Ise Shrine, Japan. [Drawing from History of Japanese Architecture, 1933; Photo by Chi King]

Not-Me Objects

Let’s now examine experimental preservation in light of the relationship between madness and reality. For it would be fair to consider experimental preservationists mad if we could show that they do not share the same grasp of reality as the rest of society. Psychoanalysts have established that for sane people to perceive a thing as real others must also perceive the thing as real; in other words, our sense of reality is socialized. The English pediatrician and psychoanalyst Donald Winnicott (1896–1971) provided the first convincing empirical evidence of this phenomenon. Winnicott was also the first psychoanalyst to seriously examine children and question them about their experiences. (Freud, in contrast, asked his adult patients to recall their childhoods.) Winnicott studied the process by which infants grasped the existence of an external world. Early on infants experience the food and care they receive as wholly internal: by adapting to the child’s demands, providing her breast whenever the baby cries, a mother nurtures the illusion that her breast is part of the baby. “The mother’s adaptation to the infant’s needs, when good enough,” Winnicott wrote, “gives the infant the illusion that there is an external reality that corresponds to the infant’s own capacity to create.” 27 The mother must then progressively disillusion her growing child, gradually adapting less to the infant’s demands; at which point the frustrated infant will start gently to discover that there is an external world beyond his or her control.
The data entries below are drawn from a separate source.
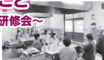
食品衛生協会 改正食品衛生法の説明
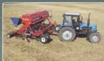
Механические посевные комплексы AGRATOR M
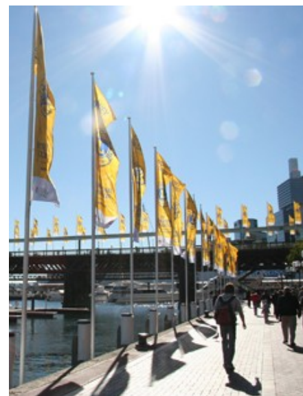
Sydney havde sat alle sejl til, byen var dækket af Lions bannere.
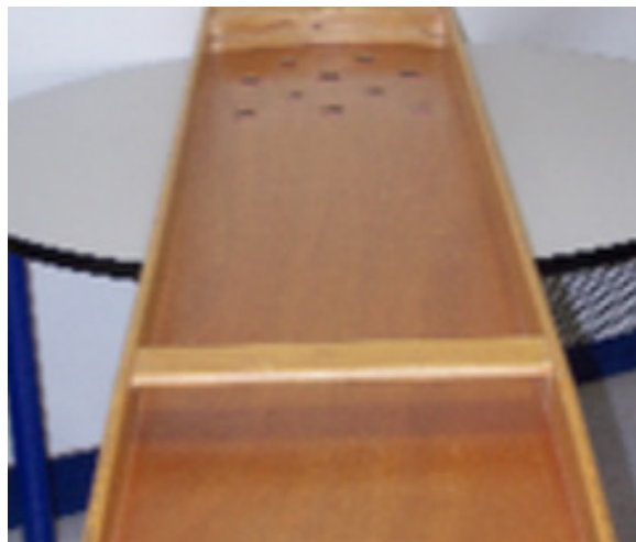
Le billard japonais ne laisse aucune ambiguïté quant aux règles du jeu

semaine. Au cours de celles-ci, un cahier d'observation a été tenu et l'outil de mesure principal qui a été utilisé était en fait une règlette permettant aux résidents d'indiquer leur niveau de bien-être à différents moments.

Winnicott’s major discovery was that objects play a central role in this complex process. As the mother disappoints the child, the latter turns to an object; often this is a favorite doll or blanket, but really it can be anything which serves as a cherished defense against anxiety and frustration — and which compensates for the lost illusion of creative omnipotence.
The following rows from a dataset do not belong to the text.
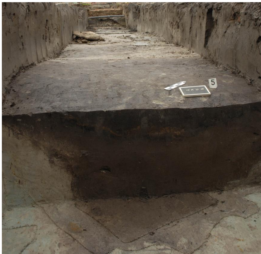
Foto: sleuf met kuilstructuur
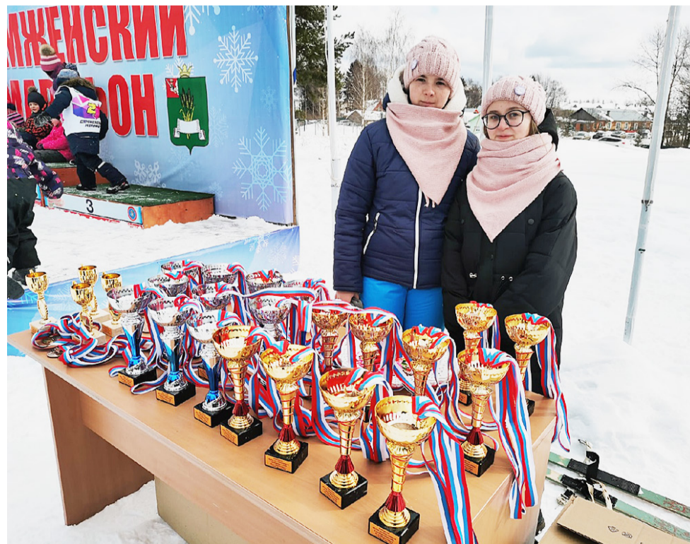
Волонтеры принимали участие в церемонии награждения.
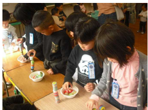
【2年作ろう遊ぼう工夫しよう】
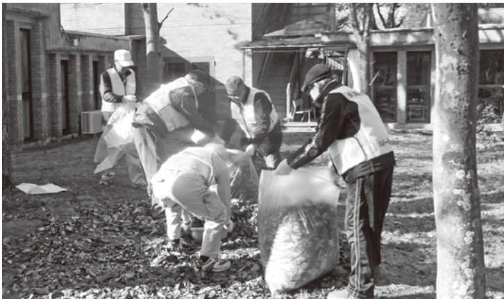
シルバーの事務所周辺の落ち葉掃除する会員の皆さん

Winnicott discovered that objects are central to the complex psychological process of socialization.

What’s especially important is that the child chooses the object. Anyone who has observed children knows this choice cannot be challenged. It must be the teddy bear, and no other. No matter that the doll is getting old, stained, and smelly; washing is out of the question because this would introduce, as Winnicott writes, “a break in the continuity in the infant’s experience, a break that may destroy the meaning and value of the object to the infant.” 28 And if the object is lost, nothing else will do. “Good enough” parenting, as Winnicott called it, requires that adults recover the cherished object that comforts their child — even if it means a long trip back to where they forgot it. What is key here is that the child’s chosen object allows not only for the benign frustration of new anxieties but also for the formation of new experiential relationships to things as existing beyond one’s inner world. In psychoanalytic parlance, the object enables the child to engage in safe “reality-testing.” Significantly, the testing involves social relations. It is the changing behavior of the parents toward the object that confirms or frustrates the child’s illusion and growing ability to recognize and accept reality. Through objects, children learn to “ask” their parents a question they can neither articulate nor pose directly: What is and isn’t real?
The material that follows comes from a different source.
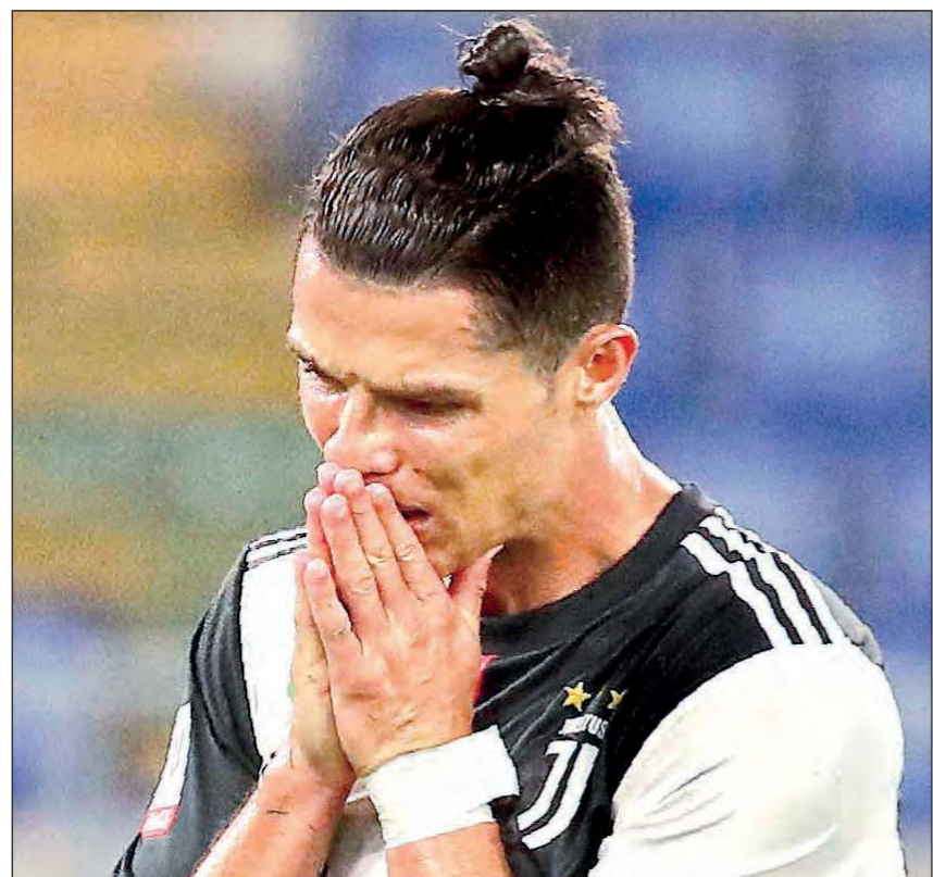
সুযোগ নষ্ট করে হতাশ রোনাল্ডো। কোপা ইতালিয়ার ফাইনালে, বুধবার।

Winnicott coined the term “transitional object” to identify this special object that assists infants in testing and experiencing the difference between inner and outer worlds. He described this object as “the first not-me creation.” (One could draw a comparison between Winnicott’s transitional object and Serres’s quasi-object. Both attempt to describe how objects enable us to socialize, and how social relations are in part accommodations to objects.) And the need for transitional objects, Winnicott concluded, does not end with childhood. Adults also require “an area of experience that is not challenged,” that can “exist as a resting place for the individual engaged in the perpetual human task of keeping inner and outer reality separate yet interrelated.” 29 Winnicott didn’t elaborate on the sorts of transitional objects chosen by adults, save from passing references to art and religion, which he saw as realms of experience where illusion was not only socially acceptable but also carefully protected. And, of course, art objects and religious objects lie at the core of what we commonly consider cultural heritage, worthy of preservation.

Winnicott saw art and religion as realms of experience where illusion was not only socially acceptable but also carefully protected.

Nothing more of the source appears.